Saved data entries
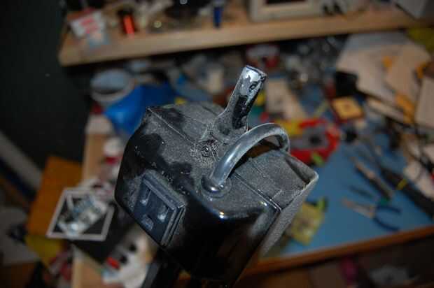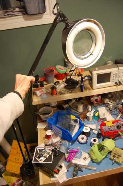 Mi mesa de trabajo/escritorio es especial; tiene 2.5" pedazo de ancho de madera reconstituida que hace usando la abrazadera incluida imposible. Por lo tanto, formó un bloque de madera que acepta el "peg" en el extremo de la lámpara y puede montarse en el borde de la mesa.
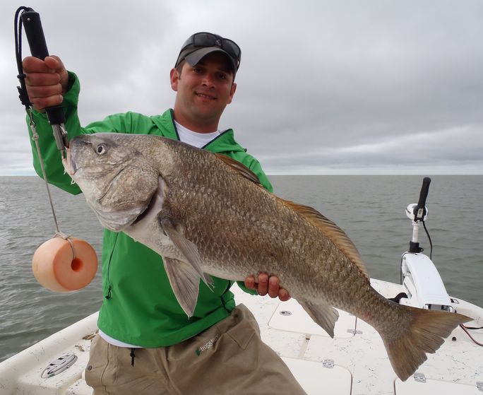Tommy is proudly showing off this nice 20lb+ Black Drum he caught while fishing the Crystal River area with Florida Fishing Adventures.
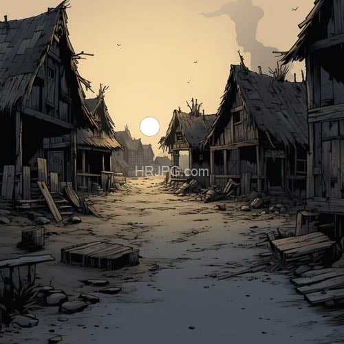 Dark moody scene depicts a deserted ruined village at sunset with weathered thatched-roof wooden huts broken windows and debris-filled ground
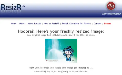 12. ResizR : Otro editor que solo permite redimensionar nuestras imágenes online, pero a diferencia del que comente antes este solo requiere colocar el ancho de la imagen, de esa forma mantenemos las proporciones sin deformar la imagen. Además cuenta con una extensión para Firefox para realizar este trabajo.
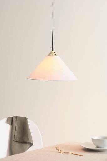 Taklampa av mässingspläterad järn med konformad lampskärm av bomull. MICKAN är en enkel och diskret lampa som är lättplacerad. PVC-sladd. Lampan är ojordad, klass 2. På grund av EU-regler behövs en separat takkontakt i vissa länder. Takkontakten ska vara ojordad (klass 2) och köps separat. Material: Järn, bomull och PVC. Storlek: Total höjd 40 cm. Skärm: Höjd 23 cm, ø 35 cm. Fot: ø 20 cm. Sockel/lampa: 1 st E27, max 40 w. Ljuskälla medföljer ej.
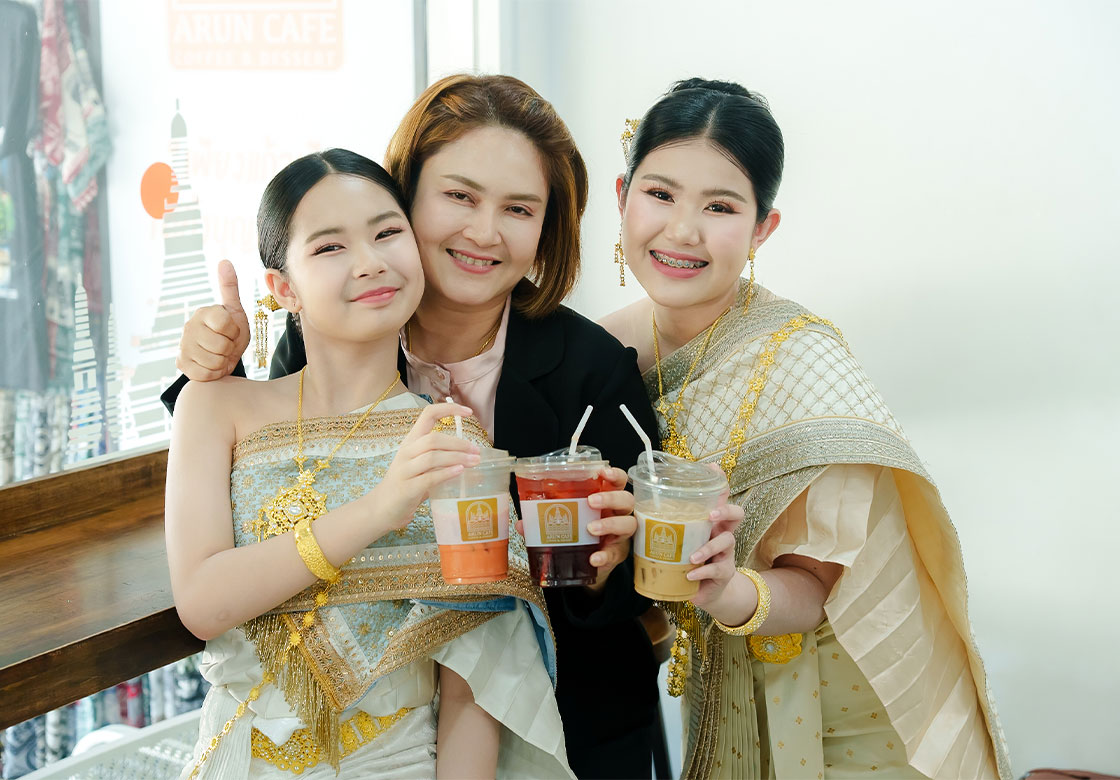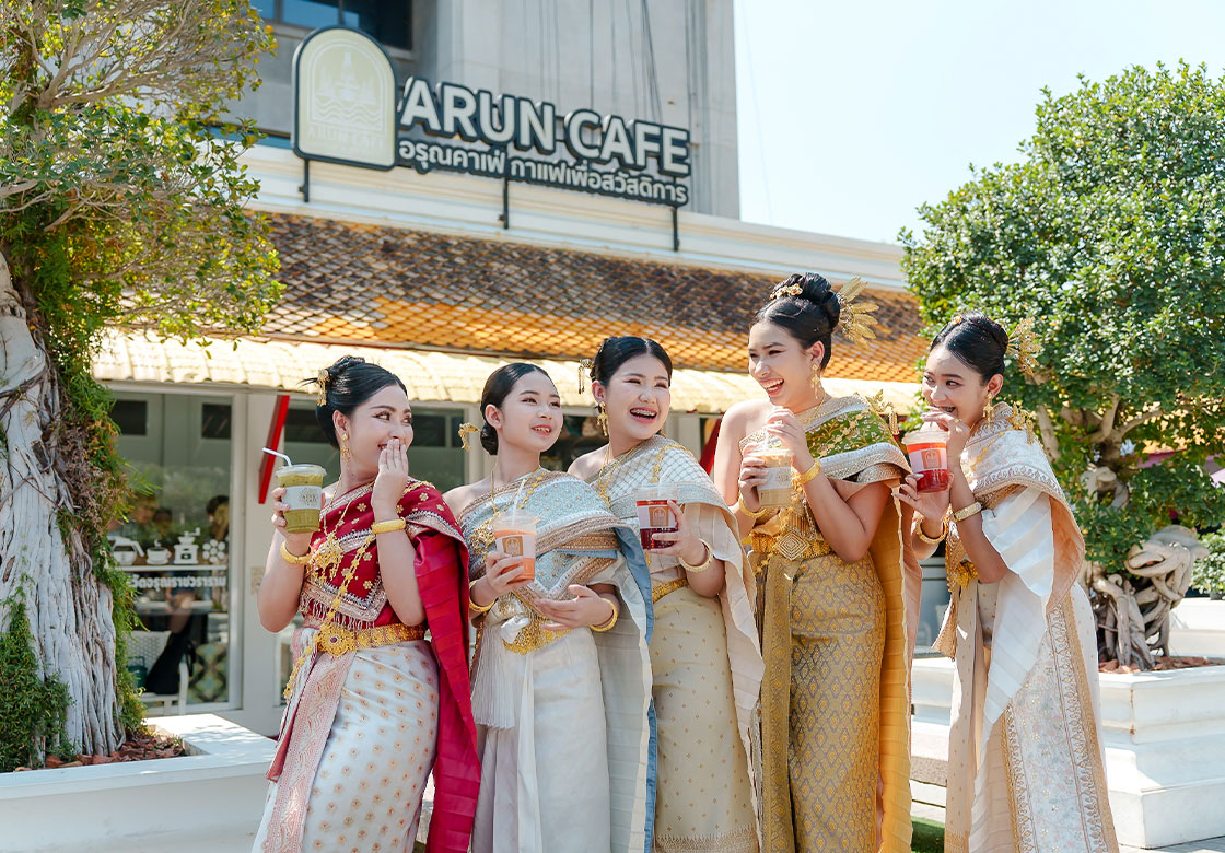 The ARUN CAFE coffee shop is located in the Stone Garden, next to Phra Viharn Noi of Wat Arun Ratchawararam. It warmly welcomes parents, philanthropists, and tourists from around the world. Visitors who come to admire the beauty of Phra Prang Wat Arun, a cultural and architectural heritage site of Rattanakosin listed in the preliminary UNESCO World Heritage records, are invited to enjoy the drinks of ARUN CAFE as a way to make merit while also experiencing happiness.

WHAT TO WORK ON. Copy out every line above, word for word, minus images.

ANSWER FOR THIS EXERCISE.
 Mi mesa de trabajo/escritorio es especial; tiene 2.5" pedazo de ancho de madera reconstituida que hace usando la abrazadera incluida imposible. Por lo tanto, formó un bloque de madera que acepta el "peg" en el extremo de la lámpara y puede montarse en el borde de la mesa.
Tommy is proudly showing off this nice 20lb+ Black Drum he caught while fishing the Crystal River area with Florida Fishing Adventures.
 Dark moody scene depicts a deserted ruined village at sunset with weathered thatched-roof wooden huts broken windows and debris-filled ground
 12. ResizR : Otro editor que solo permite redimensionar nuestras imágenes online, pero a diferencia del que comente antes este solo requiere colocar el ancho de la imagen, de esa forma mantenemos las proporciones sin deformar la imagen. Además cuenta con una extensión para Firefox para realizar este trabajo.
 Taklampa av mässingspläterad järn med konformad lampskärm av bomull. MICKAN är en enkel och diskret lampa som är lättplacerad. PVC-sladd. Lampan är ojordad, klass 2. På grund av EU-regler behövs en separat takkontakt i vissa länder. Takkontakten ska vara ojordad (klass 2) och köps separat. Material: Järn, bomull och PVC. Storlek: Total höjd 40 cm. Skärm: Höjd 23 cm, ø 35 cm. Fot: ø 20 cm. Sockel/lampa: 1 st E27, max 40 w. Ljuskälla medföljer ej.
 The ARUN CAFE coffee shop is located in the Stone Garden, next to Phra Viharn Noi of Wat Arun Ratchawararam. It warmly welcomes parents, philanthropists, and tourists from around the world. Visitors who come to admire the beauty of Phra Prang Wat Arun, a cultural and architectural heritage site of Rattanakosin listed in the preliminary UNESCO World Heritage records, are invited to enjoy the drinks of ARUN CAFE as a way to make merit while also experiencing happiness.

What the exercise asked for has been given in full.